No faltaron la pacifista, la idealista, el juerguista, la pija, ni, por su puesto, el elenco de machos ibéricos con trabajos importantes que desprecian a sus mujeres por el mero hecho de serlo. «Si no soy capaz de hacer feliz a la mujer que llevo al lado, ¿quién coño me va a votar?», se preguntaba un Israel Elejalde más preocupado por su campaña electoral que por atender el drama emocional que constituye su existencia.
Profesando el amor libre o más bien la libertad de amar a quien quieras y donde te de la gana, la apuesta se quedaba en varias parejas de tres desorientadas sobre el dilema moral de elegir entre la cama o el anillo. De cualquier manera, la historia de siempre que presenta a un hombre fuerte de corbata hasta en la playa pero carente de escrúpulos y dispuesto a dejarse arrastrar por su mujercita, que o bien se acuesta con su mejor amigo, o se dedica a la introspección a través del análisis de los autores de los libros que devora en el jardín.

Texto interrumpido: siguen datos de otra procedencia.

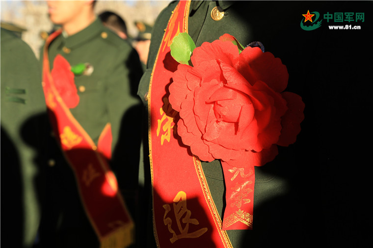 胸前的紅花承載了服役期間的點(diǎn)滴。
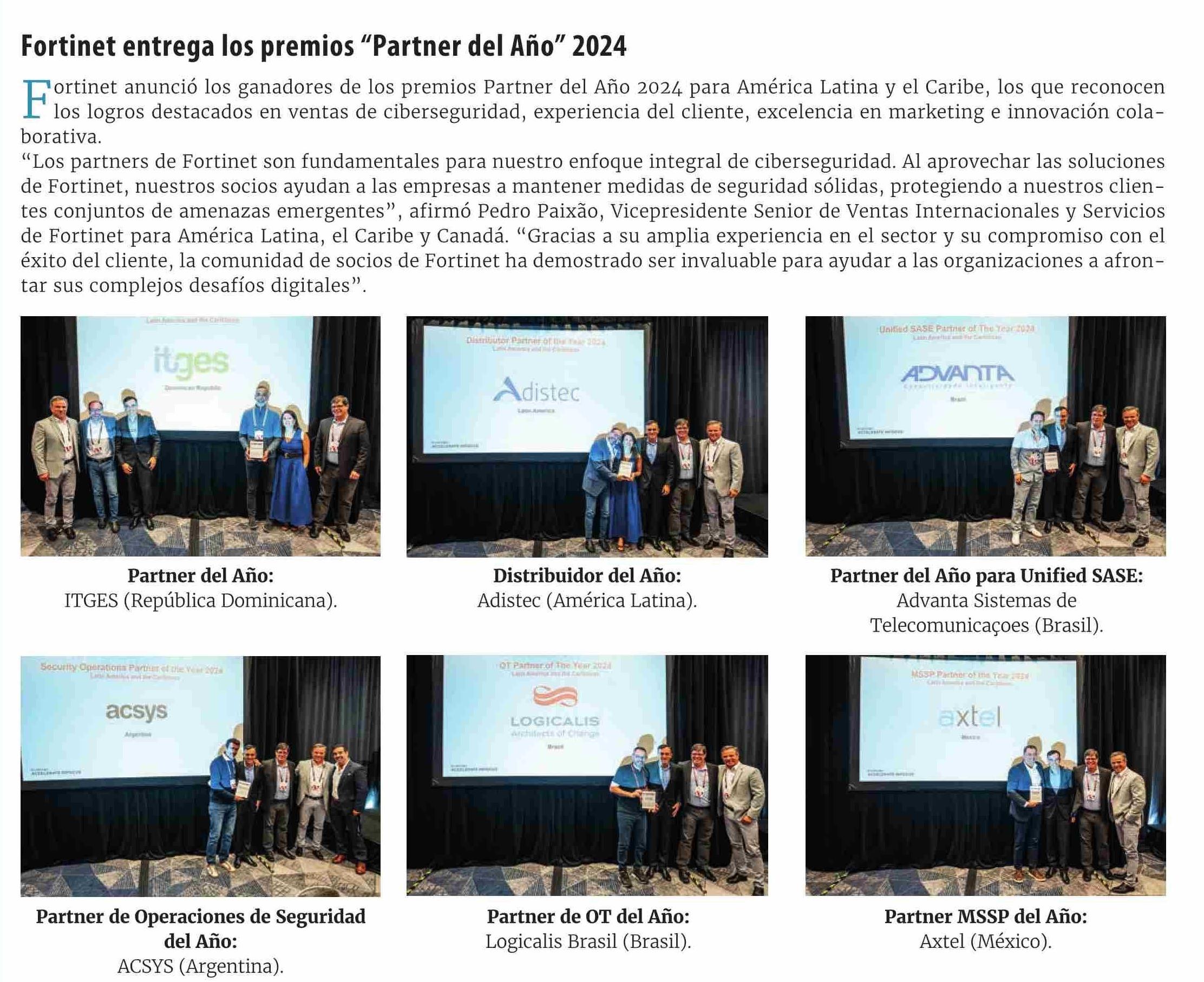 Fortinet entrega los premios “Partner del Año” 2024
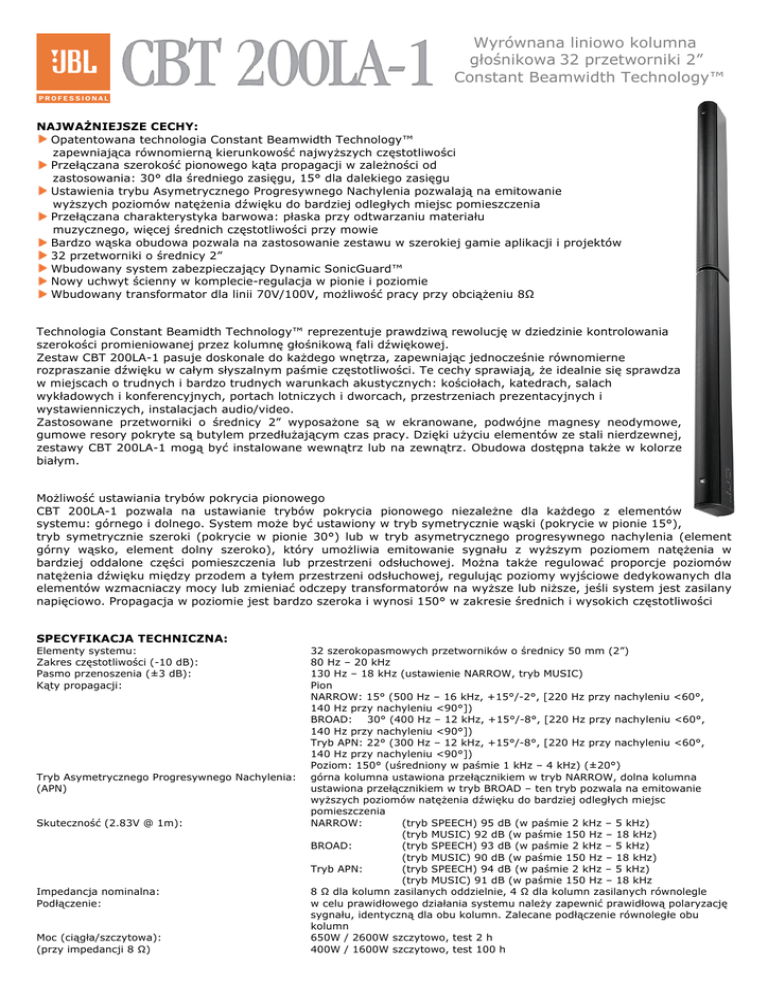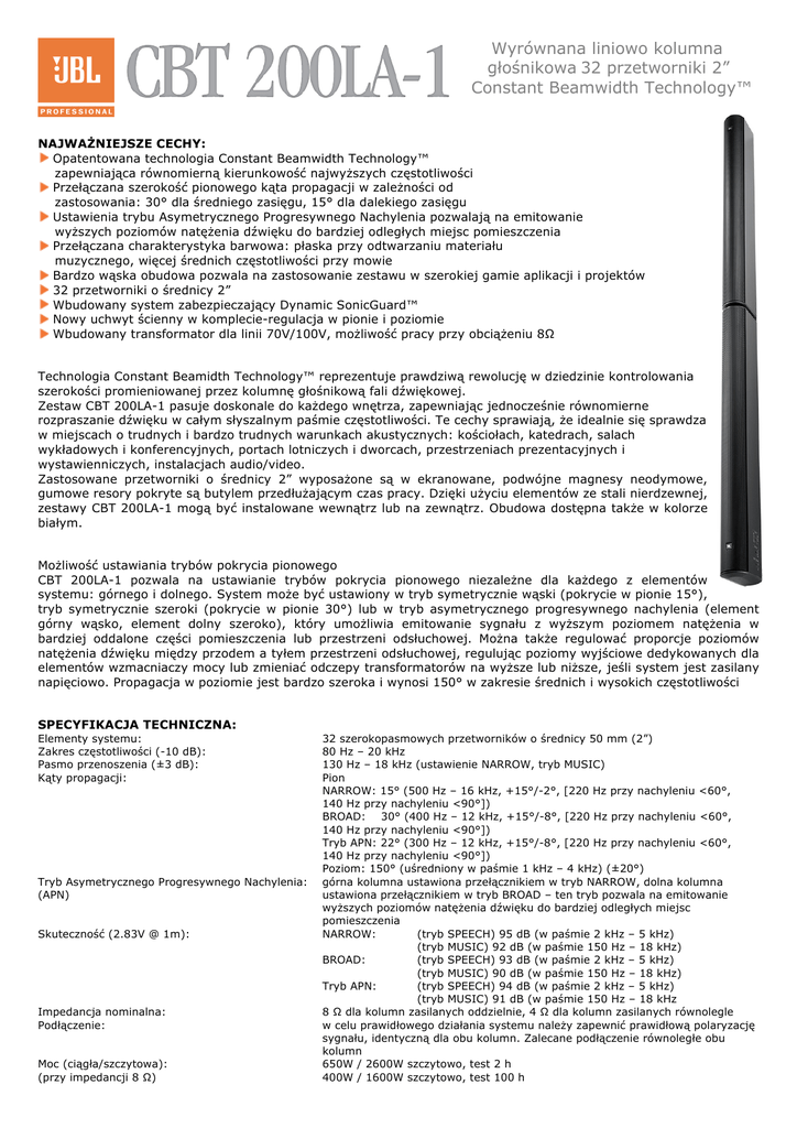 Wyrównana liniowo kolumna głośnikowa 32 przetworniki 2” Constant Beamwidth Technology™ NAJWAŻNIEJSZE CECHY: Opatentowana technologia Constant Beamwidth Technology™ zapewniająca równomierną kierunkowość najwyższych częstotliwości Przełączana szerokość pionowego kąta propagacji w zależności od zastosowania: 30° dla średniego zasięgu, 15° dla dalekiego zasięgu Ustawienia trybu Asymetrycznego Progresywnego Nachylenia pozwalają na emitowanie wyższych poziomów natężenia dźwięku do bardziej odległych miejsc pomieszczenia Przełączana charakterystyka barwowa: płaska przy odtwarzaniu materiału muzycznego, więcej średnich częstotliwości przy mowie Bardzo wąska obudowa pozwala na zastosowanie zestawu w szerokiej gamie aplikacji i projektów 32 przetworniki o średnicy 2” Wbudowany system zabezpieczający Dynamic SonicGuard™ Nowy uchwyt ścienny w komplecie-regulacja w pionie i poziomie Wbudowany transformator dla linii 70V/100V, możliwość pracy przy obciążeniu 8Ω Technologia Constant Beamidth Technology™ reprezentuje prawdziwą rewolucję w dziedzinie kontrolowania szerokości promieniowanej przez kolumnę głośnikową fali dźwiękowej. Zestaw CBT 200LA-1 pasuje doskonale do każdego wnętrza, zapewniając jednocześnie równomierne rozpraszanie dźwięku w całym słyszalnym paśmie częstotliwości. Te cechy sprawiają, że idealnie się sprawdza w miejscach o trudnych i bardzo trudnych warunkach akustycznych: kościołach, katedrach, salach wykładowych i konferencyjnych, portach lotniczych i dworcach, przestrzeniach prezentacyjnych i wystawienniczych, instalacjach audio/video. Zastosowane przetworniki o średnicy 2” wyposażone są w ekranowane, podwójne magnesy neodymowe, gumowe resory pokryte są butylem przedłużającym czas pracy. Dzięki użyciu elementów ze stali nierdzewnej, zestawy CBT 200LA-1 mogą być instalowane wewnątrz lub na zewnątrz. Obudowa dostępna także w kolorze białym. Możliwość ustawiania trybów pokrycia pionowego CBT 200LA-1 pozwala na ustawianie trybów pokrycia pionowego niezależne dla każdego z elementów systemu: górnego i dolnego. System może być ustawiony w tryb symetrycznie wąski (pokrycie w pionie 15°), tryb symetrycznie szeroki (pokrycie w pionie 30°) lub w tryb asymetrycznego progresywnego nachylenia (element górny wąsko, element dolny szeroko), który umożliwia emitowanie sygnału z wyższym poziomem natężenia w bardziej oddalone części pomieszczenia lub przestrzeni odsłuchowej. Można także regulować proporcje poziomów natężenia dźwięku między przodem a tyłem przestrzeni odsłuchowej, regulując poziomy wyjściowe dedykowanych dla elementów wzmacniaczy mocy lub zmieniać odczepy transformatorów na wyższe lub niższe, jeśli system jest zasilany napięciowo. Propagacja w poziomie jest bardzo szeroka i wynosi 150° w zakresie średnich i wysokich częstotliwości SPECYFIKACJA TECHNICZNA: Elementy systemu: Zakres częstotliwości (-10 dB): Pasmo przenoszenia (±3 dB): Kąty propagacji: Tryb Asymetrycznego Progresywnego Nachylenia: (APN) Skuteczność (2.83V @ 1m): Impedancja nominalna: Podłączenie: Moc (ciągła/szczytowa): (przy impedancji 8 Ω) 32 szerokopasmowych przetworników o średnicy 50 mm (2”) 80 Hz – 20 kHz 130 Hz – 18 kHz (ustawienie NARROW, tryb MUSIC) Pion NARROW: 15° (500 Hz – 16 kHz, +15°/-2°, [220 Hz przy nachyleniu <60°, 140 Hz przy nachyleniu <90°]) BROAD: 30° (400 Hz – 12 kHz, +15°/-8°, [220 Hz przy nachyleniu <60°, 140 Hz przy nachyleniu <90°]) Tryb APN: 22° (300 Hz – 12 kHz, +15°/-8°, [220 Hz przy nachyleniu <60°, 140 Hz przy nachyleniu <90°]) Poziom: 150° (uśredniony w paśmie 1 kHz – 4 kHz) (±20°) górna kolumna ustawiona przełącznikiem w tryb NARROW, dolna kolumna ustawiona przełącznikiem w tryb BROAD – ten tryb pozwala na emitowanie wyższych poziomów natężenia dźwięku do bardziej odległych miejsc pomieszczenia NARROW: (tryb SPEECH) 95 dB (w paśmie 2 kHz – 5 kHz) (tryb MUSIC) 92 dB (w paśmie 150 Hz – 18 kHz) BROAD: (tryb SPEECH) 93 dB (w paśmie 2 kHz – 5 kHz) (tryb MUSIC) 90 dB (w paśmie 150 Hz – 18 kHz) Tryb APN: (tryb SPEECH) 94 dB (w paśmie 2 kHz – 5 kHz) (tryb MUSIC) 91 dB (w paśmie 150 Hz – 18 kHz 8 Ω dla kolumn zasilanych oddzielnie, 4 Ω dla kolumn zasilanych równolegle w celu prawidłowego działania systemu należy zapewnić prawidłową polaryzację sygnału, identyczną dla obu kolumn. Zalecane podłączenie równoległe obu kolumn 650W / 2600W szczytowo, test 2 h 400W / 1600W szczytowo, test 100 h Maksymalny poziom SPL: Odczepy transformatora 70V/100V: Obudowa: Gniazda: Normy odporności zewnętrznej: Kolory: Konfiguracja: Punkty instalacyjne: Instalacja: Wymiary zestawu: Waga: Dołączone akcesoria: Opcjonalne akcesoria: NARROW: (tryb SPEECH) 123 dB ciągły uśredniony (129 szczytowy) (tryb MUSIC) 120 dB ciągły uśredniony (126 szczytowy) BROAD: (tryb SPEECH) 121 dB ciągły uśredniony (127 szczytowy) (tryb MUSIC) 118 dB ciągły uśredniony (124 szczytowy) APN: (tryb SPEECH) 122 dB ciągły uśredniony (128 szczytowy) (tryb MUSIC) 119 dB ciągły uśredniony (125 szczytowy indywidualnie dla każdej kolumny: 120W, 60W, 30W (15W tylko dla 70V) sumarycznie (te same odczepy w obu kolumnach): 240W, 120W, 60W, (30W tylko dla 70V) wykonana z tworzywa ABS pokrytego włóknem szklanym, malowany aluminiowy gril śrubowy terminal połączeniowy, akceptuje przewów o maksymalnej średnicy 2.5 mm2 lub zaciskane na przewodzie widełki o szerokości do 4 mm IP-54, IEC529, odporna na promieniowanie UV, parę oraz słoną parę czarny lub biały (-WH) obie kolumny o wysokości 100 cm połączone ze sobą płytą instalacyjną 28 punktów M6 na tylnej obudowie (36 w sumie, 8 zarezerwowanych dla płyty połączeniowej uchwyt ścienny w komplecie, zapewnia ±15° płynnej regulacji w pionie, maksymalnie ±80° regulacji w poziomie, ponadto otwory do regulacji w pionie co 5

Un estereotipo que exhibe al hombre como el típico 'calzonazos' y a la mujer como la dama ociosa que dedica su tiempo libre a cualquier causa social que le permita mantenerse ocupada con algo.
Por el camino, del Arco deja en el aire varias supuestas reflexiones que en boca de los personajes excesivamente carismáticos invitan más a la risa floja del público que a la meditación. La ambiciosa utopía en la que Maxim Gorki creyó una vez, sólo se respira en pequeños fragmentos del diálogo reflejo de la banalidad con que los temas que nos preocupan vienen y van sin tener claro qué es lo verdaderamente importante. «Nos gusta hablar de todo, pero en seguida nos aburrimos. Si nos dedicáramos a hablar solamente de lo que sabemos se haría un inmenso silencio», criticó Bárbara Lennie sobre la ignorancia que mueve al común de los mortales a emitir sus propios juicios de valor, o bien mirado, a afirmar todo lo que los actores de la comunicación nos obligan a diario a creer a como cierto.
En el camino, varias escenas musicales distraen la atención de un público cansado de una historia de dos horas y media que bien podría resumirse en la mitad y probablemente dejando un mejor sabor de boca sobre la puesta en escena de los actores del Teatro de La Abadía.
Aunque algo sí ha quedado claro de lo que del Arco quiso transmitir y es la ambigüedad del verano como un tiempo feliz. Porque, admitámoslo, haga o no haga calor, y seamos o no felices, el sol levanta el espíritu y nos aleja de la rutina de nuestras vidas para brindarnos, aunque sólo sea un ratito, el descanso de no pensar.